3 December 2008

Shulamith Firestone


On the blurb of the back of Shulamith Firestone's collection of short stories, Airless spaces, the author is described as a non-professional feminist. The term "professional feminist", to my ears, sounds like an oxymoron. "Professional feminist" conjures up the picture of a power-claden, polity-making figure whose life is spelled PRUDENCE.

The stories of Airless spaces are far removed from the Professional. On the other hand, the characters of Firestone's short stories, usually residing in mental hospitals or returning from them, live in a society in which professionalism and ableness are virtues. "Pre-voc" tells the story of Brian, who lives on disability support. His rent is about to rise. In order to support himself, he has to take a job. But it is not easy to make one's way into the labor market. Brian has to prove himself able; he has to prove that he is "ready". The story raises the question: what does it mean to be ready for the labor market? What kind of persons does the labor market desire? Brians signs up for pre-vocational training. Even that is hard to accomplish, because he has to attend another form of training first. After having finished "Pre-voc" and the other stories I feel drained, sad but a little more clear-headed. This sounds paradoxical. The stories of the book depict misery and isolation, yet they are written in a deadpan, minimalist style that never sentimentalize the mental patient's or post-mental patient's struggle with his or her life.

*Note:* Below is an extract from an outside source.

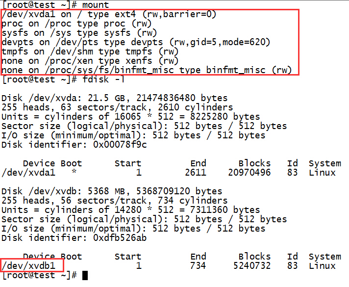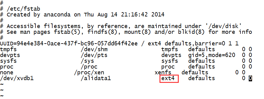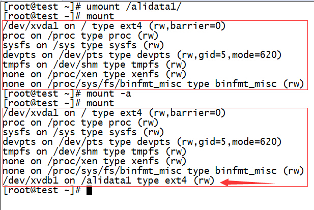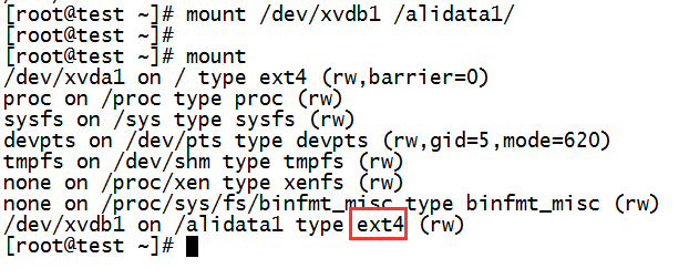 问题:如果服务器需初始化系统,数据盘的数据不需改变,初始化服务器后需对数据盘重新挂载。 1、输入mount命令可看到并没有挂载数据盘,输入fdisk -l 命令,看到已经分区的数据盘 /dev/xvdb1 (设备编号以实际情况为准)。 请注意:新购买数据盘分区格式化请参考:http://help.aliyun.com/knowledge_detail/5974154.html?spm=5176.776512192.0.0.Bu5NtI&categoryId= 2、输入命令mount /dev/xvdb1 /目录,下面的例子是挂载到了/alidata1 目录上,这个目录需按照各自实际需要挂载的目录填写,这里只是举例。 挂载后再输入mount命令可看到数据盘已挂载,并且格式是ext4。 3、修改/etc/fstab自动挂载文件,增加数据盘挂载条目,分区类型是ext3还是ext4要注意与刚才执行mount命令看到的类型相对应。 4、最后可使用umount命令卸除磁盘挂载,再重新使用mount -a 命令查看是否可以自动挂载上。 上一条: Linux系统云服务器使用教程 下一条: Linux查看实时带宽流量情况的说明

One story revolves around Valerie Solanas. The author met her, and didn't like her. She says that she didn't consider SCUM Manifesto a work of serious feminism and neither did she want to consider Solanas a fellow theoretician. Firestone is a famous second-wave feminist who wrote The Dialectics of sex, a work considered to epitomize marxist, radical feminism. But nonetheless, the portrait of Solanas is tender. Tender, and grim. Solanas is just as isolated and lonely as the other characters of the books. Firestone connects poverty, bureaucracy and loneliness in a striking, relentless way. Most of the stories are restricted to one page, perhaps just one paragraph. Firestone is one of the very few writers who manages to encapsulate a character, to strike a particular chord, in one single sentence. Where most authors wallow in endless descriptions of envioronments and psychological set-ups, Firestone captures a scene immediately, forcefully. She doesn't have to say much to depict a crisis, a change, an opportunity. The book is hard to read because it rings so true, it creeps so close to the skin of the reader.

Some time later, after I had moved to St. Mark's Place, I saw Valerie in the street. She asked me for a quarter, and I saw that she was begging. She had lost her apartment, and presumably her welfare. Later, a friend of mine who ran a store on St. Mark's Place said that Valerie had approached him for shelter. She was covered with sores, and wearing only a blanket to beg in. She had been out on the street approximately three months without shelter. Not long after that, she disappeared from the street entirely.

Airless spaces was published in 1998.